In the same way that many of us now use ‘Google’ as a verb meaning ‘to find’, Unix programmers often use the word grep. grep is a contraction of ‘global/regular expression/print’, a common sequence of operations in early Unix text editors. It is also the name of a very useful command-line program.

grep finds and prints lines in files that match a pattern. For our example, we will use a file swiss-parallel-bootstrap.R containing bootstrapping code in intro-to-yens directory.

$ grep ncore swiss-parallel-bootstrap.R
ncore <- detectCores()
print(paste('running on', ncore, 'cores'))
# register parallel backend to limit threads to the value specified in ncore variable
registerDoParallel(ncore)

Here, ncore is the pattern we’re searching for. The grep command searches through the file, looking for matches to the pattern specified. To use it type grep, then the pattern we’re searching for and finally the name of the file (or files) we’re searching in.

The output is the four lines in the file that contain the letters ncore.

By default, grep searches for a pattern in a case-sensitive way.

A useful option is -n, which numbers the lines that match:

$ grep -n ncore swiss-parallel-bootstrap.R
9:ncore <- detectCores()
11:print(paste('running on', ncore, 'cores'))
13:# register parallel backend to limit threads to the value specified in ncore variable
14:registerDoParallel(ncore)

Here, we can see that lines 9, 11, 13 and 14 contain the letters ncore.
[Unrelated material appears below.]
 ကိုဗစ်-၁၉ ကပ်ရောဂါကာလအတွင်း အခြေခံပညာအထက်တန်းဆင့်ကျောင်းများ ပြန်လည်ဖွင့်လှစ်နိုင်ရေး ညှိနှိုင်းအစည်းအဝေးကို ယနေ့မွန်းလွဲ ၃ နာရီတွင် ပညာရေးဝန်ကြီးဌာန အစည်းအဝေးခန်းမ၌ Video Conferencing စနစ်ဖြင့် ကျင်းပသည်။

If we use the -r (recursive) option, grep can search for a pattern recursively through a set of files in subdirectories.

While grep finds lines in files, the find command finds files themselves.

Let’s run find .. Remember to run this command from the intro-to-yens directory.

$ find .

As always, the . on its own means the current working directory, which is where we want our search to start. find’s output is the names of every file and directory under the current working directory.
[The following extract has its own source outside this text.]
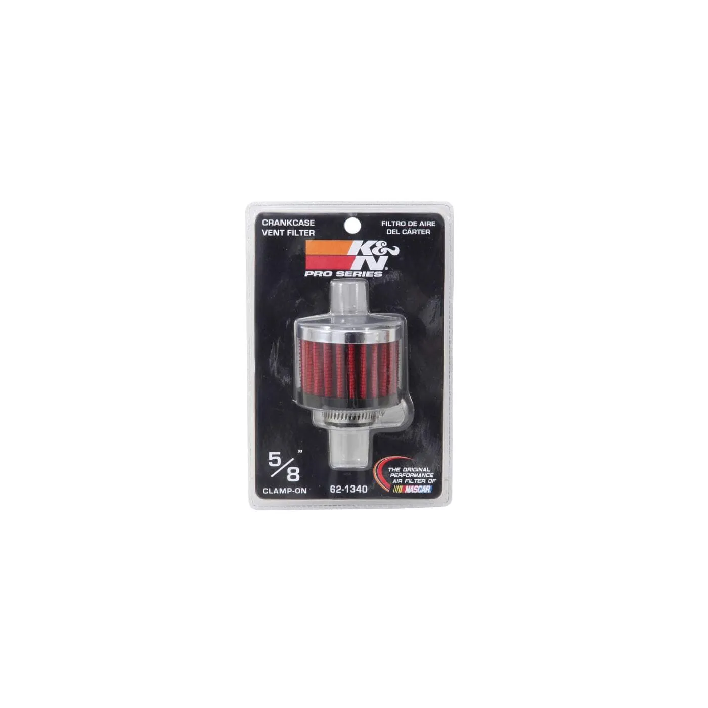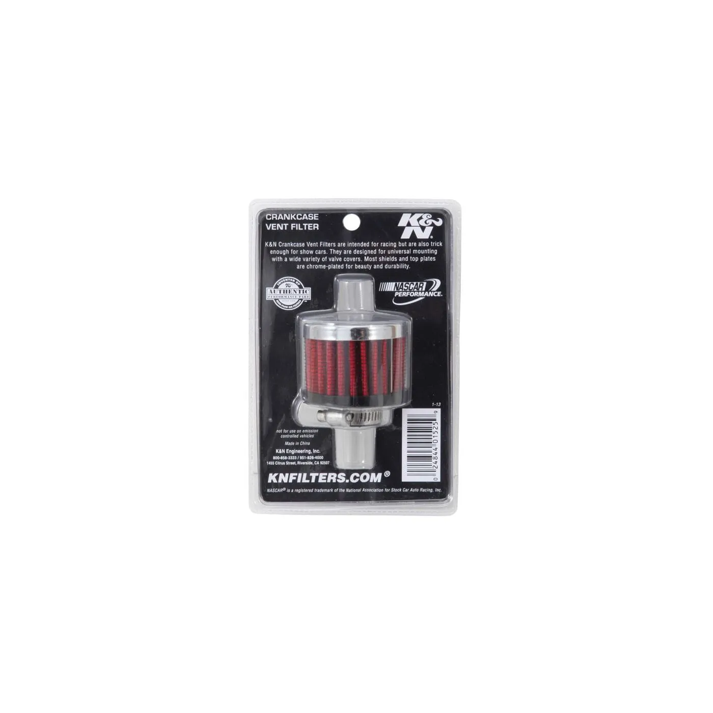 K&N crankcase vent filters are perfect for racing applications, vintage cars or individuals who want to add some aesthetics to their classic carbureted engine. The 62-1340 crankcase vent filter has a K&N embossed chrome-plated steel top with a black rubber base. The 5/8 inch diameter zinc tube is designed to push in and clamp directly on to metal or plastic tubing where venting is needed. Constructed with a synthetic filter media it can be cleaned and reused repeatedly. Note: Legal in California only for racing vehicles which may never be used, registered, or licensed for use upon a highway. See knfilters.com for CARB status on each part for a specific vehicle.

Now let’s try matching by name:

$ find . -name "*.txt"

Put *.txt in quotes to prevent the shell from expanding the * wildcard. This command gives us a list of all text files in or below the current directory.

How can we combine that with wc -l to count the lines in all those files?

The simplest way is to put the find command inside $():

$ wc -l $(find . -name "*.txt")

When the shell executes this command, the first thing it does is run whatever is inside the $(). It then replaces the $() expression with that command’s output.

Summary

  • find finds files with specific properties that match patterns.
  • grep selects lines in files that match patterns.
  • $([command]) inserts a command’s output in place.

Shell Scripts

We are finally ready to see what makes the shell such a powerful programming environment. We are going to take the commands we repeat frequently and save them in files so that we can re-run all those operations again later by typing a single command. For historical reasons, a bunch of commands saved in a file is usually called a shell script.

We can put the for loop we wrote earlier in a shell script called print_tenth_line.sh.

The shell script should contain:

for filename in *txt
do
    echo $filename
    head $filename | tail -n 1
done

Once we have saved the file, we can ask the shell to execute the commands it contains. Our shell is called bash, so we run the following command:

$ bash print_tenth_line.sh
numbers.txt
2
numbers2.txt
2
numbers3.txt
10

Sure enough, our script’s output is exactly what we would get if we ran that loop directly.